The unreasonableness of such policies from a Caribbean context has not prevented nearly every country in the region from engaging IMF demands. Michael Manley, the Prime Minister of Jamaica from 1972 to 1980 who ran on an anti-IMF platform with the slogan "We are not for sale", was eventually pressured into signing a deal in 1977. Though he remembers, "Going to the IMF and signing that agreement was one of the more bitter, traumatic experiences of my life," Manley did find it necessary to go to the IMF with the country in trouble.10 Though it may not always be the case, if there is no source of money available to a country, is it reasonable for the government to seek aid from those who are responsible for the its "underdevelopment" in the first place? Although those that do are often systematically isolated and antagonized by Western capitalist countries, few countries have opted to look for other options.

In opting to stay out of a "French Community" after independence, Sekou Touré spoke for most Guineans when he said, "We prefer poverty in liberty to riches in slavery."11 In some cases, a similar dilemma faces many Caribbean countries today, though the outcome of taking another route does not necessitate continued poverty. Colonial modes of thought combined with the intense pressures of Western capitalism have created a cyclical pattern of borrowing, indebtedness, and more borrowing from the IMF. Until new options are explored, it is likely that Jamaica and much of the Caribbean will continue to fall deeper into debt.

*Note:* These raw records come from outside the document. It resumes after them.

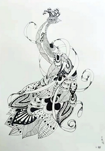 线描孔雀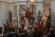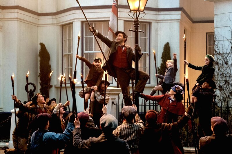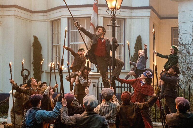 Jack (Lin-Manuel Miranda) Mary Poppins (Emily Blunt) und die Banks-Kinder mit einer Besatzung von Straßenlampenscheinwerfern in der Cherry Tree Lane 17Bild: © Jay Maidment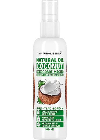 Колекція натуральних косметичних засобів українського бренду Naturalissimo відкриває безмежні можливості для сяйва жіночої краси, дбайливого і ефективного догляду за обличчям, тілом та волоссям. Coconut Oil Cold Pressed від Naturalissimo – б'юті-продукт, який стане цінним поповненням домашнього арсеналу косметики. Цей засіб дарує шкірі пружність і гладкість, допомагає уповільнити її старіння, сприяє зменшенню целюліту і розтяжок, дарує волоссю блиск і шовковистість. Особливості Naturalissimo Coconut Oil Cold Pressed: - містить нерафіновану олія кокосу холодного віджиму; - може застосовуватися для догляду за шкірою обличчя і тіла, для оздоровлення і поліпшення стану волосся; - містить високу концентрацію поживних речовин; - містить олеїнову, фолієву, каприлову, пантотенову кислоти; - захищає шкірний покрив від сухості й впливу ультрафіолетового випромінювання; - живильна і зволожувальна дії; - сприяє процесам регенерації; - підвищує пружність і еластичність шкіри; - допомагає у боротьбі зі зморшками, розтяжками і целюлітом; - усуває сухість, ламкість і посіченість волосся; - зручний формат спрею; - приємний аромат кокоса; - добре всотується.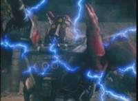 VR JB motions his arms about while his body trails, until he erupts into sparkle particles that reassemble as a giant energy image of him using the VR Techno Bazooka, firing both cannons forth. |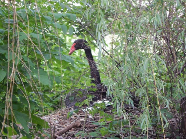 За словами працівників звіринця, на яйцях в основному сидить самиця. Самець же турботливо оберігає її спокій, а якщо треба – підміняє у гнізді. Варто їй тільки видати особливий, зрозумілий тільки йому вигук, лебідь поспішає на острівок.
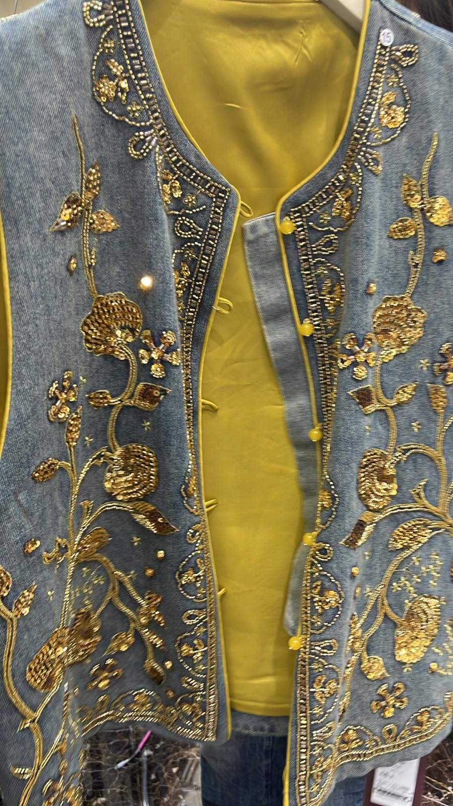 3714S YELLOW VINTAGE, DENIM VEST, TAILORED FIT, with EMBROIDERED FLORAL DETAILS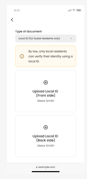 Guests who are Dubai residents can upload their UAE Emirates ID.
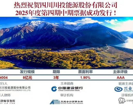 川投能源成功發(fā)行8億元中期票據(jù)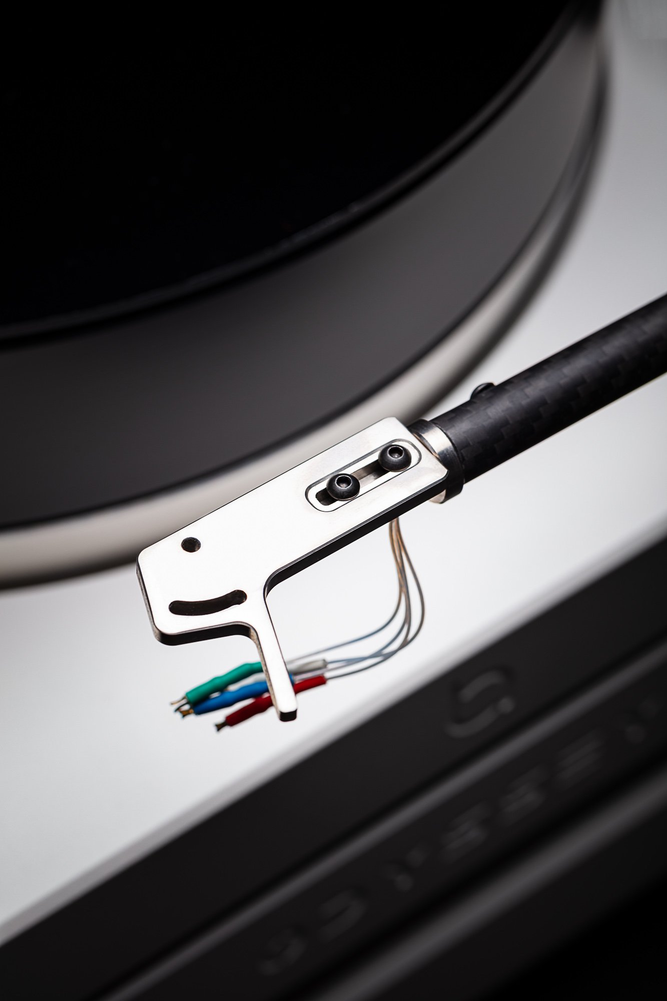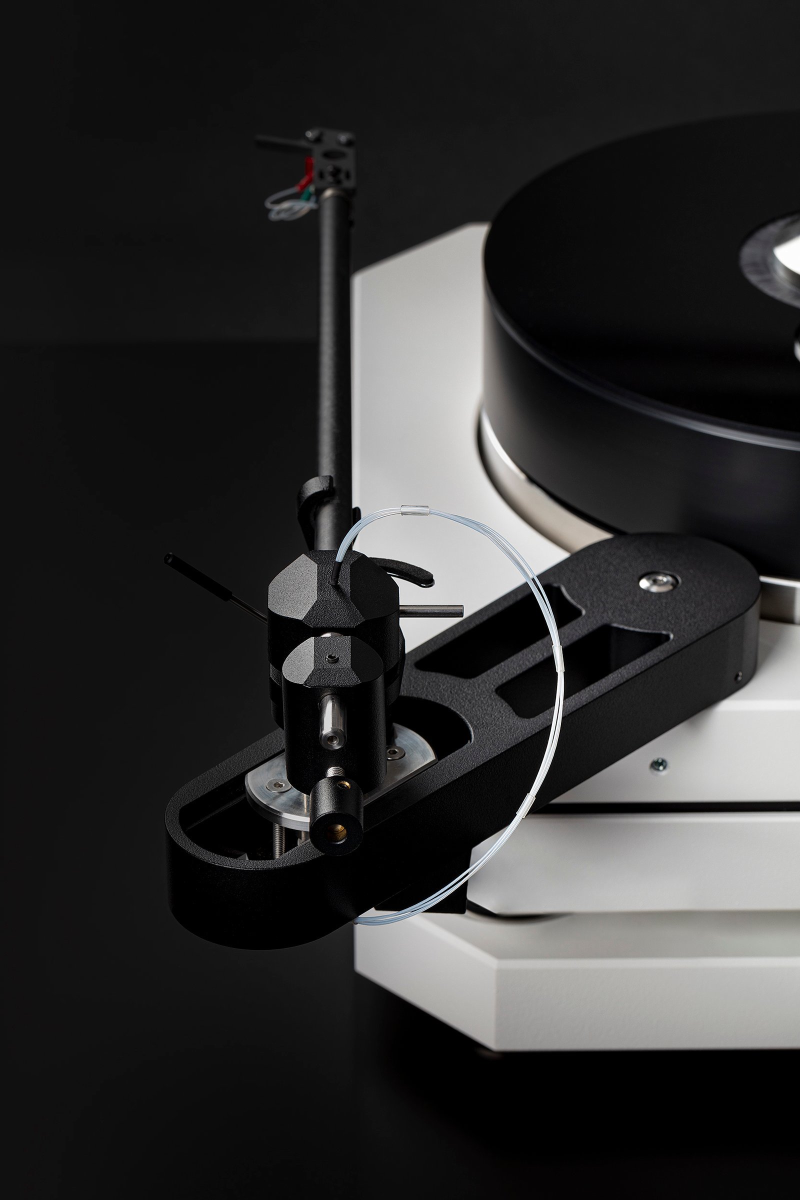 The Odyssey's long 14-inch tonearm is designed to perfectly complement the turntable. By the way, it can accommodate up to three arms (8 to 14 inches), and there are four arm mounting points on the baseboard. The 14-inch arm weighs 0.52 kg, its effective mass varies between 18 grams and 30 grams, and can accommodate carbon fiber and/or titanium cartridges and headshells. The arm features silver monocrystalline wiring directly.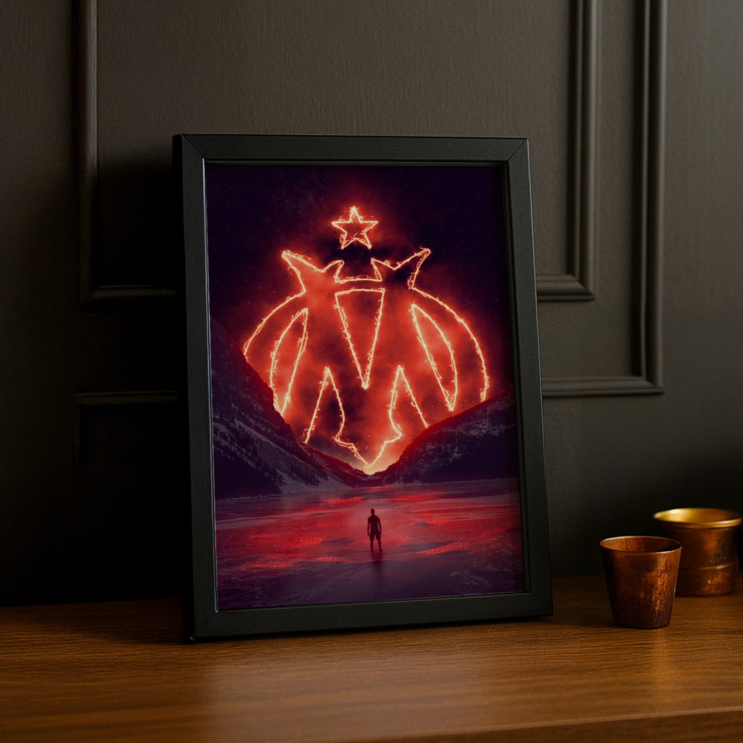 Laissez brûler votre amour pour l'OM avec ce cadre photo au logo enflammé ! Dynamique et intense, ce cadre incarne la passion déchaînée des supporters marseillais. Mettez en lumière vos photos les plus mémorables : un but décisif, une célébration en folie ou un portrait de légende olympienne. Le design flamboyant du logo ajoute une touche d'énergie à votre décoration. Idéal pour les vrais amoureux du club qui ne font pas les choses à moitié !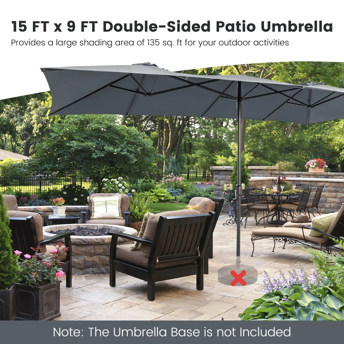 Opmerking: De parasolstandaard is niet inbegrepen en wij raden een verzwaarde basis (niet inbegrepen) aan om de parasol voor een betere windbestendigheid te fixeren. Je kunt hem ook gebruiken met een tafel of een zijdelingse terrasmeubelset. Sluit de parasol op winderige of regenachtige dagen om de levensduur te verlengen.

1 James, C.L.R. The Black Jacobins. New York: Vintage Books, 1938 (1963, 1989).

Mangru, Basdeo. Abolition and Indenture. Toronto: TSAR, 1993.

2 from Pregger-Roman, Charles. "Nineteenth-Century Chile: A Case Study: Subordination, the Class Process, and the Relative Autonomy of States." in Latin American Perspectives, Volume 18, Issue 1 (Winter, 1991). p. 118

3 Itwaru, Arnold. Closed Entrances. Toronto: TRAR, 1994. p. 11

4 Itwaru, 1994. p. 14

5 Fanon, Frantz. Black Skin White Masks. New York: Grove Press, 1967. p. 18

6 Itwaru, 1994. p. 23

7 Rodney, Walter. How Europe Underdeveloped Africa. Washington, D.C.: Howard University Press, 1972 (1982). p. 14

8 International Monetary Fund. "What Is the IMF?" (3 April 2003)

9 Danielson, Anders. "Economic Reforms in Jamaica." in Journal of Interamerican Studies and World Affairs, Volume 38, Issue 2/3 (Summer-Autumn, 1996). p. 97

10 Black, Stephanie (writer & producer). Life and Debt [videorecording]. Published [Toronto]: Mongrel Media, 2001.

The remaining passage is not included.